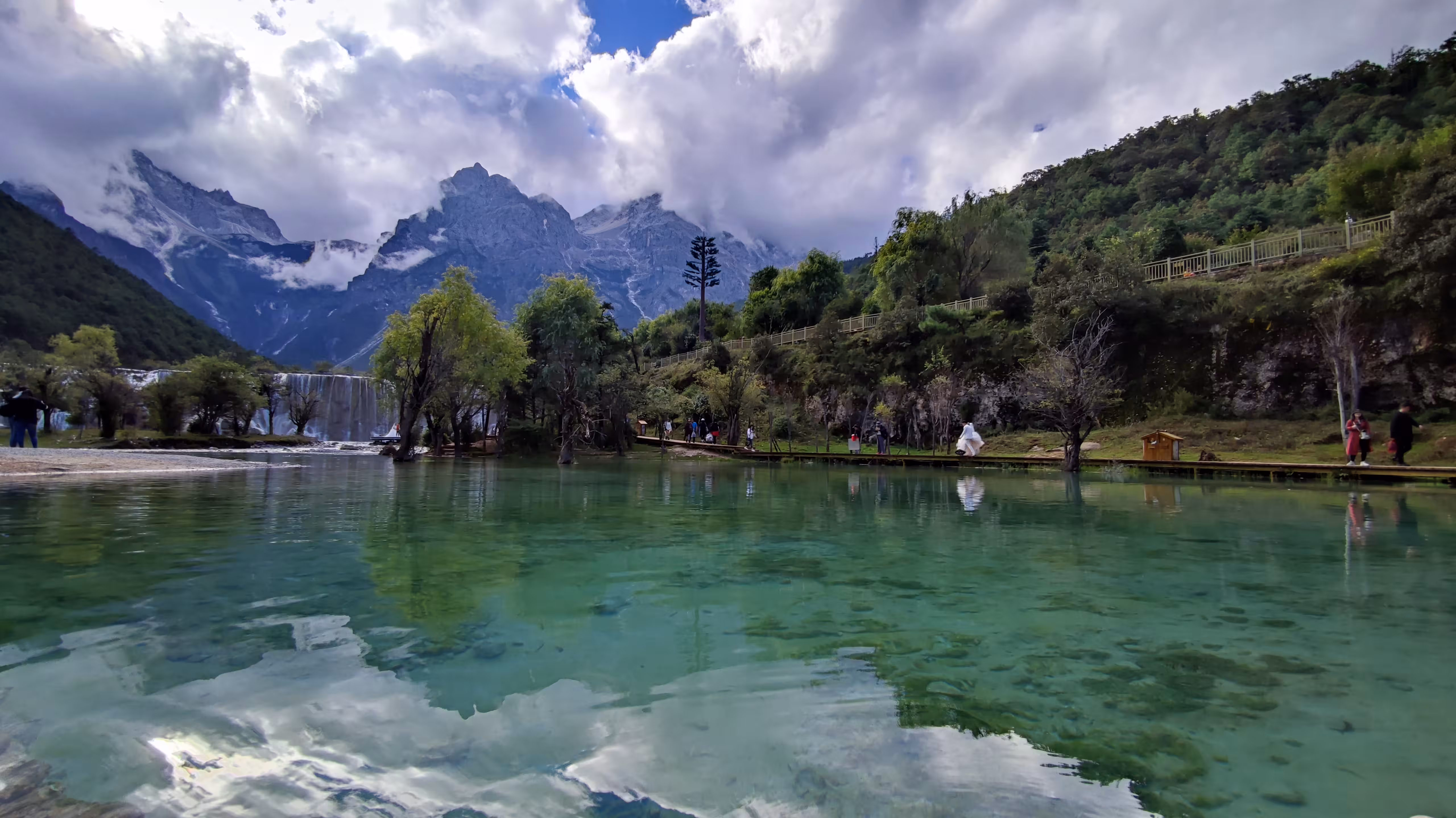 走完玉龙雪山,下一站是同样大名鼎鼎的蓝月湖。看到第一眼就被折服,好美!
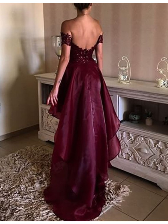 Burgundy Sequins Appliques Organza Prom Dress, Off the Shoulder High Low Prom Dresses, Formal Evening Dresses, Wedding Party Dress, 102
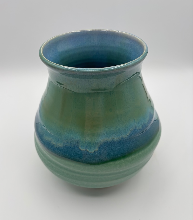 Wonky off-center vase glazed green and blue. 7.25 inches wide and 6.5 inches near the base. The rim is width is 4.25.
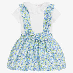 Exclusive to Childrensalon, a pink and white cotton skirt set for girls by British heritage brand Beatrice & George. The soft and comfortable, brushed jersey T-shirt has a large ruffle collar with a pretty picot trim and popper fastenings on the back. The lightweight poplin skirt has a pretty pink and green roses print, with adjustable, buttoned straps and a soft cotton lining.
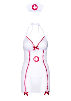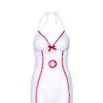 Hot Nurse Roleplay Set – Hot Nurse σετ ρόλων, που περιλαμβάνει ένα μίνι φόρεμα halter από δαντέλα και διάφανο πλέγμα, ένα ασορτί κορδόνι, κάλτσες και ένα headpiece
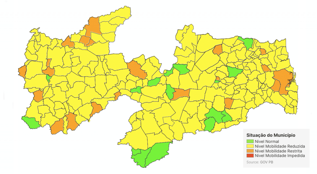 O Governo da Paraíba divulgou neste sábado (8) a 5ª avaliação do Plano Novo Normal para Paraíba, que passa a vigorar na próxima segunda-feira (10). Dos 223 municípios, 191 (86%) estão na bandeira amarela, incluindo a capital, João Pessoa, Cabedelo, Campina Grande, Patos e Guarabira; 23 municípios (10%) na bandeira laranja, incluindo Bayeux e Santa Rita e, 9 municípios (4%) na bandeira verde. A Avaliação, protocolos e notas técnicas podem ser acessados no link.
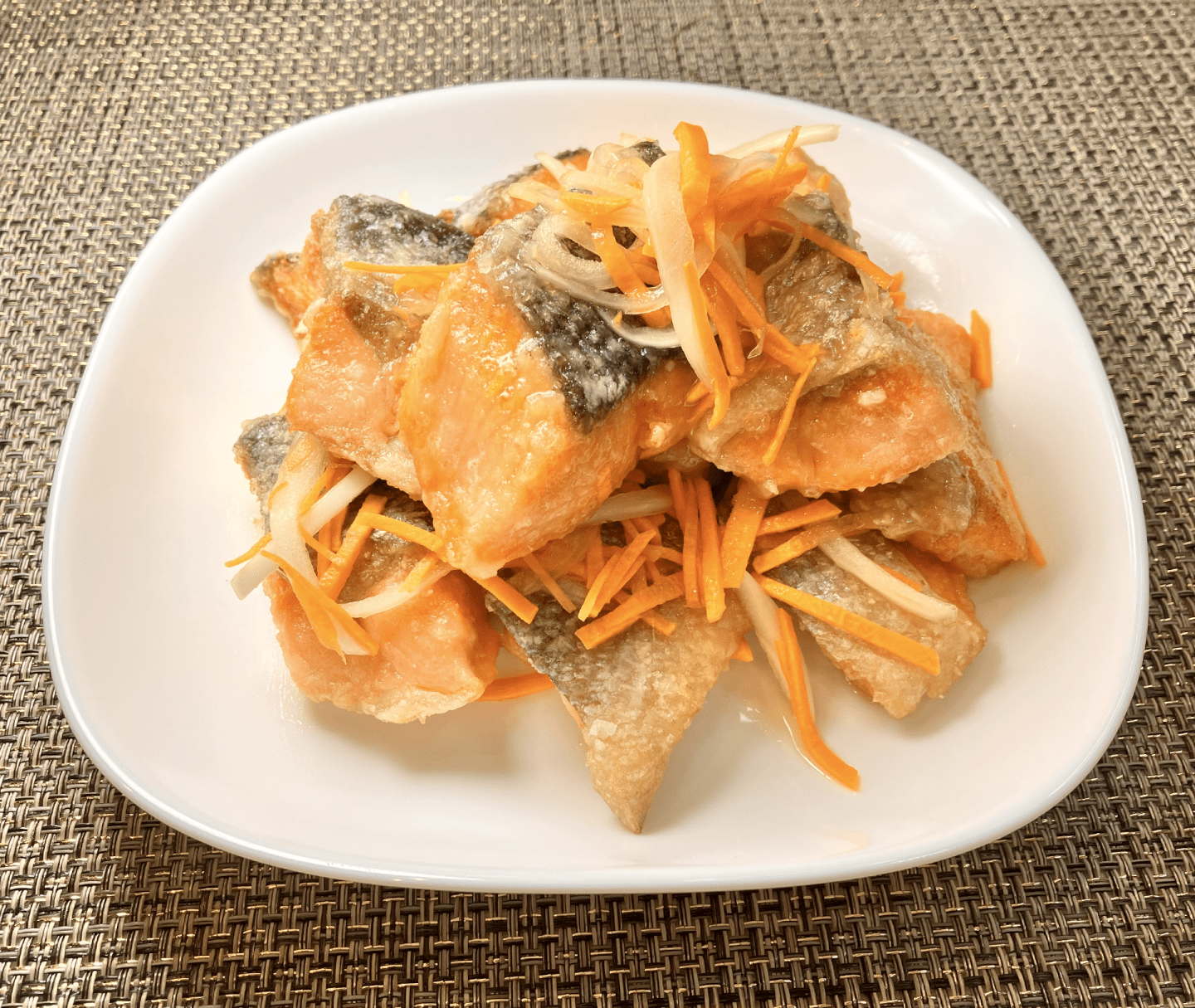 出来立てもおいしいですが、一晩冷蔵庫に入れて味を馴染ませて食べることもおすすめです。今回はカミカミメニューとして、鮭の余熱だけで野菜に火を入れていますが、生の野菜や酸味が苦手な方は、切った野菜と合わせ調味料を耐熱容器に入れて電子レンジで火を通すと食べやすくなりますよ。
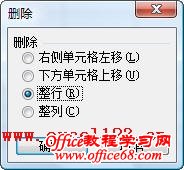 2.在Excel 2003中,单击菜单“编辑→删除”,弹出“删除”对话框,选择“整行”。单击“确定”删除空行。
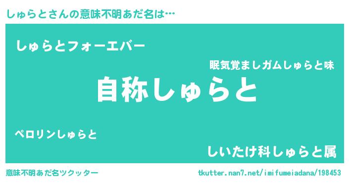 | 肩書あだ名 | 『しゅらと総統』『しゅらと大統領』 |
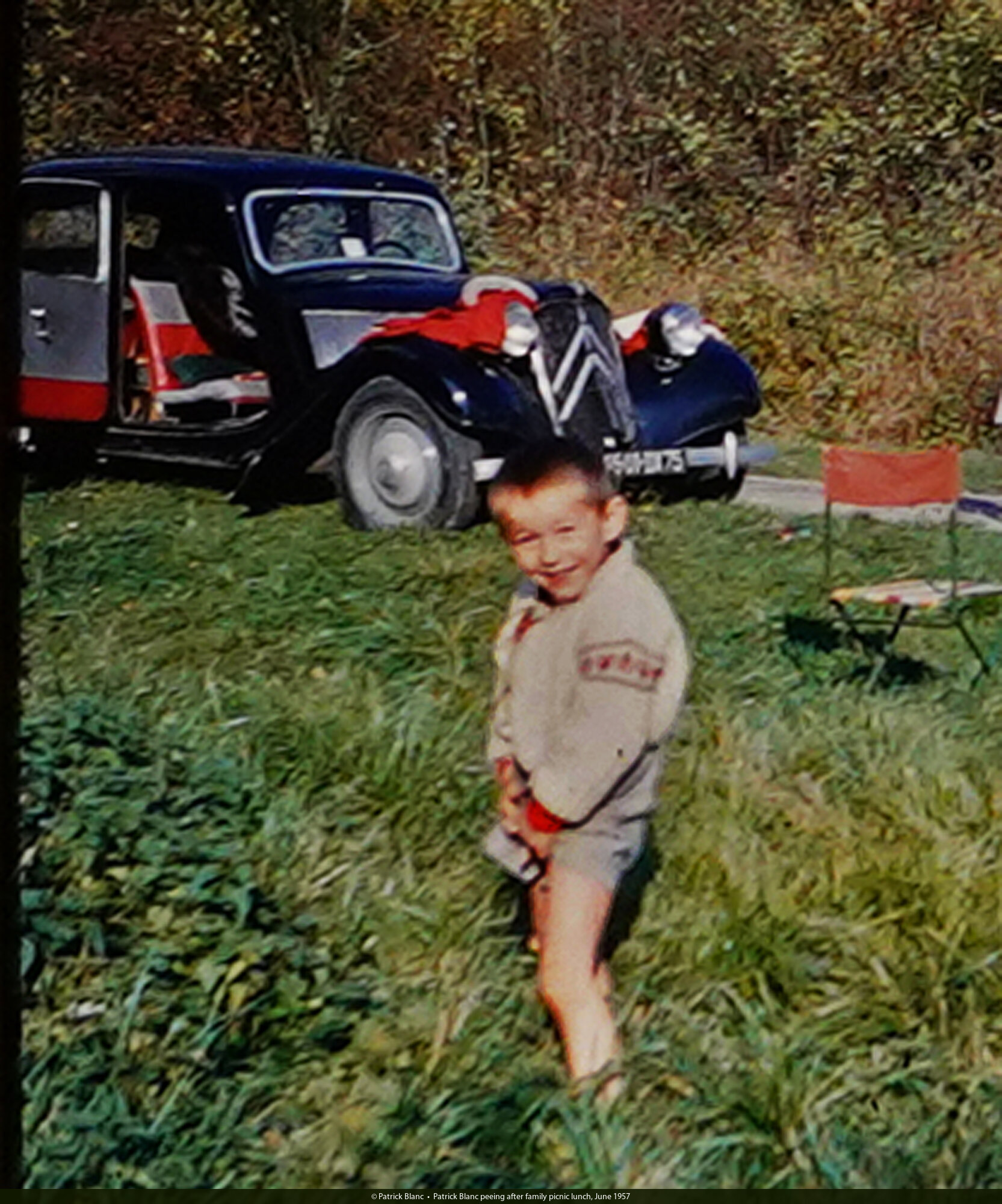 Patrick Blanc peeing after family picnic lunch, June 1957
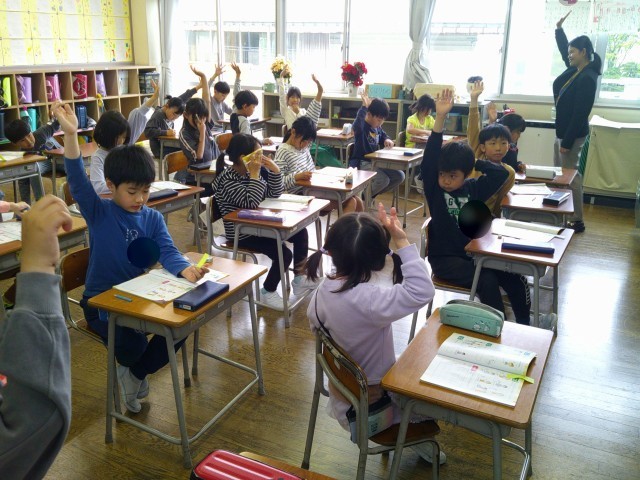 外国語活動では、挨拶の英語表現をジェスチャーを交えながら発音していました。また、友達と様々な挨拶表現を交わし、楽しんでいました。
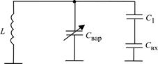 Рис. 2.31. Частотозадающий контур ГУН Диапазон изменения емкости варикапа лежит в пределах 0,1…0,16 пФ. Диапазон перестройки частоты ГУНа в устройствах подвижной связи и беспроводного доступа обычно не превышает 5…7%.
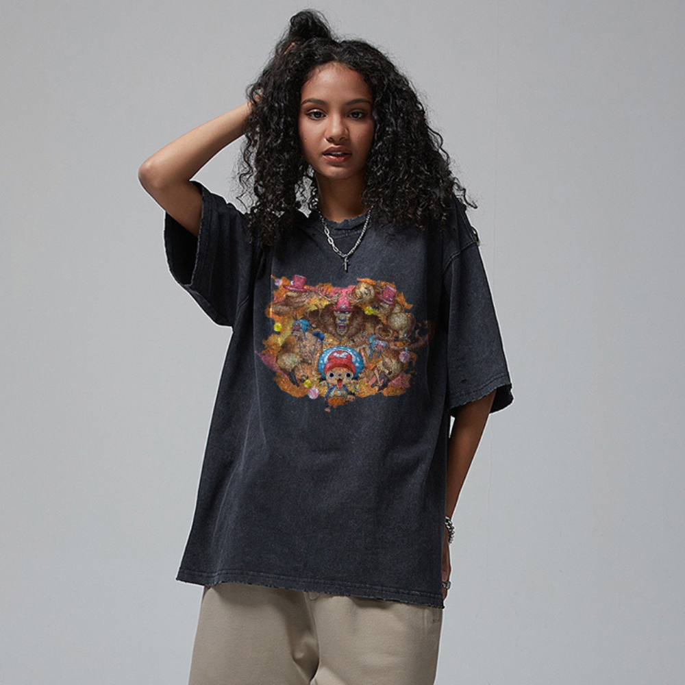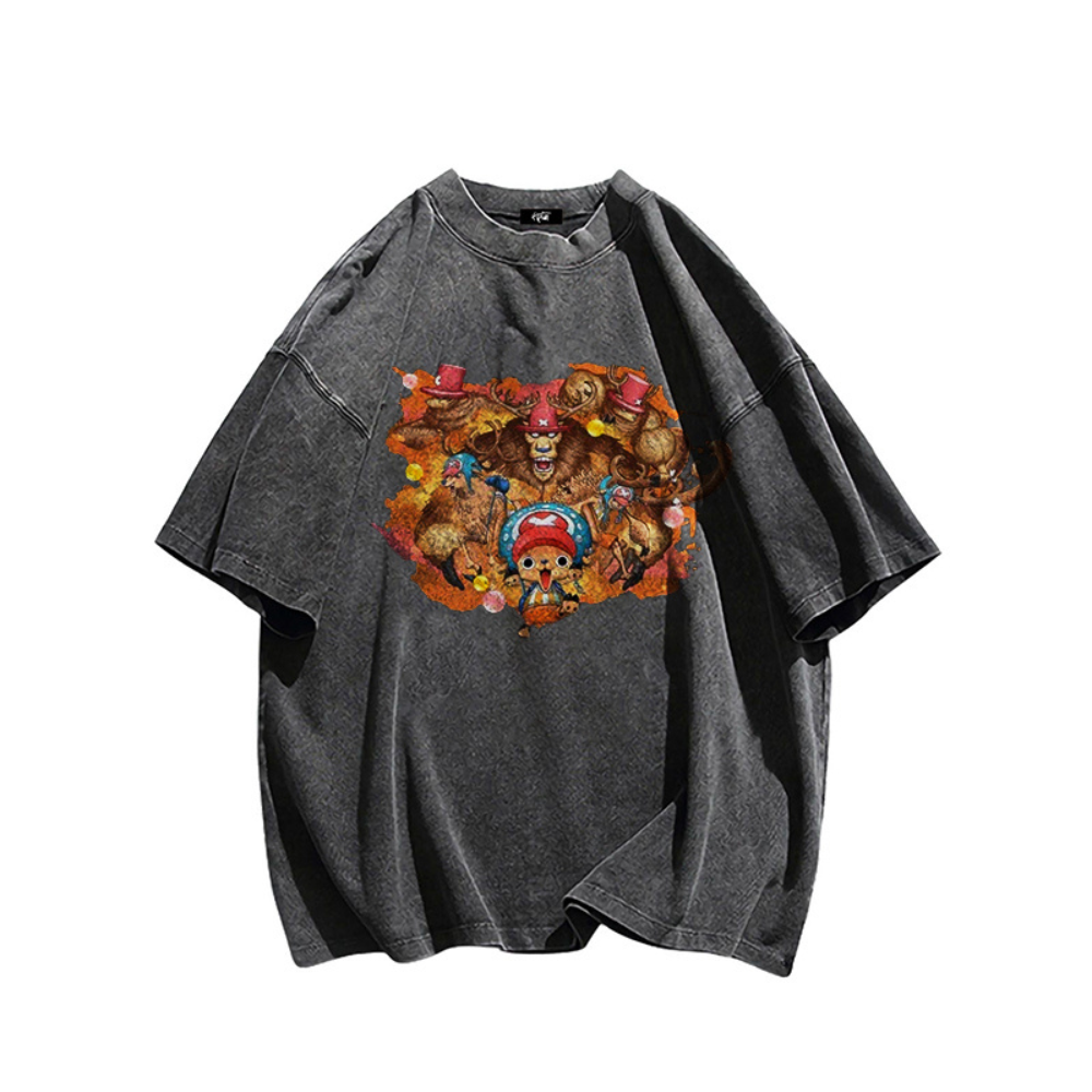 This T-shirt features a unique and eye-catching print of Chopper, a beloved character from the popular Japanese anime series. The design is bold and vibrant, showcasing Chopper in all his adorable and quirky glory. Made from high-quality materials, this T-shirt is comfortable to wear and perfect for any anime fan.
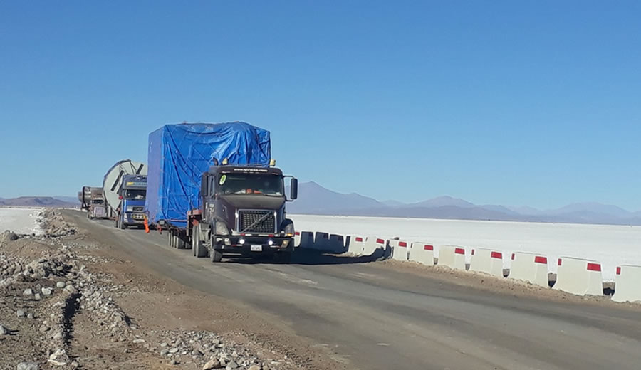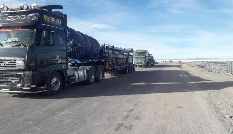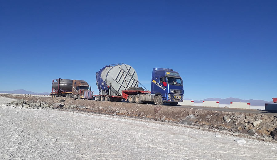 TRANSPORTE DE EQUIPOS Y ESTRUCTURAS PARA EL MONTAJE DE LA PLANTA DE CARBONATO DE LITIO DESDE EL PUERTO DE IQUIQUE HASTA EL SALAR DE UYUNI
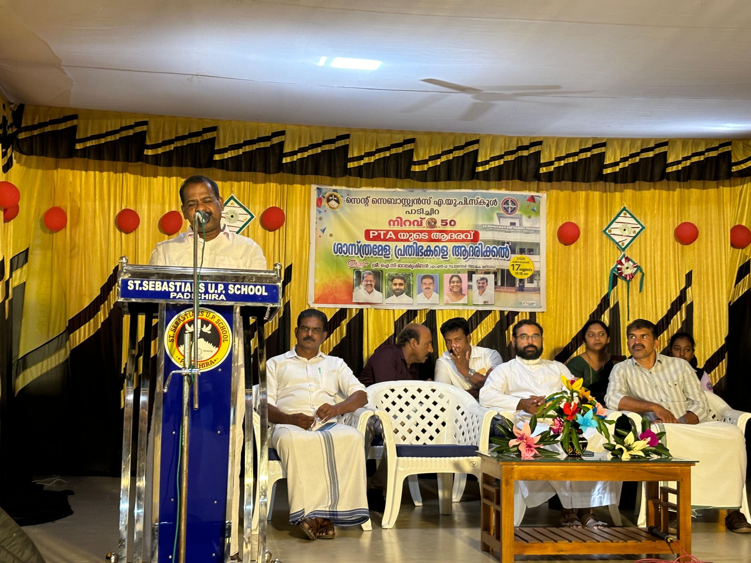 എം എൽ എ ശ്രീ ബാലകൃഷ്ണൻ വിവിധ മേള കളിൽ വിജയം വരിച്ചവരെ ആദരിക്കുന്നു.

+ + +

● Problem description
Above are some entries. Restate word for word the lines from the one holding "Wonky off-center vase" through the one holding "2.在Excel 2003中", but not the pictures.

● Output
 Wonky off-center vase glazed green and blue. 7.25 inches wide and 6.5 inches near the base. The rim is width is 4.25.
 Exclusive to Childrensalon, a pink and white cotton skirt set for girls by British heritage brand Beatrice & George. The soft and comfortable, brushed jersey T-shirt has a large ruffle collar with a pretty picot trim and popper fastenings on the back. The lightweight poplin skirt has a pretty pink and green roses print, with adjustable, buttoned straps and a soft cotton lining.
 Hot Nurse Roleplay Set – Hot Nurse σετ ρόλων, που περιλαμβάνει ένα μίνι φόρεμα halter από δαντέλα και διάφανο πλέγμα, ένα ασορτί κορδόνι, κάλτσες και ένα headpiece
 O Governo da Paraíba divulgou neste sábado (8) a 5ª avaliação do Plano Novo Normal para Paraíba, que passa a vigorar na próxima segunda-feira (10). Dos 223 municípios, 191 (86%) estão na bandeira amarela, incluindo a capital, João Pessoa, Cabedelo, Campina Grande, Patos e Guarabira; 23 municípios (10%) na bandeira laranja, incluindo Bayeux e Santa Rita e, 9 municípios (4%) na bandeira verde. A Avaliação, protocolos e notas técnicas podem ser acessados no link.
 出来立てもおいしいですが、一晩冷蔵庫に入れて味を馴染ませて食べることもおすすめです。今回はカミカミメニューとして、鮭の余熱だけで野菜に火を入れていますが、生の野菜や酸味が苦手な方は、切った野菜と合わせ調味料を耐熱容器に入れて電子レンジで火を通すと食べやすくなりますよ。
 2.在Excel 2003中,单击菜单“编辑→删除”,弹出“删除”对话框,选择“整行”。单击“确定”删除空行。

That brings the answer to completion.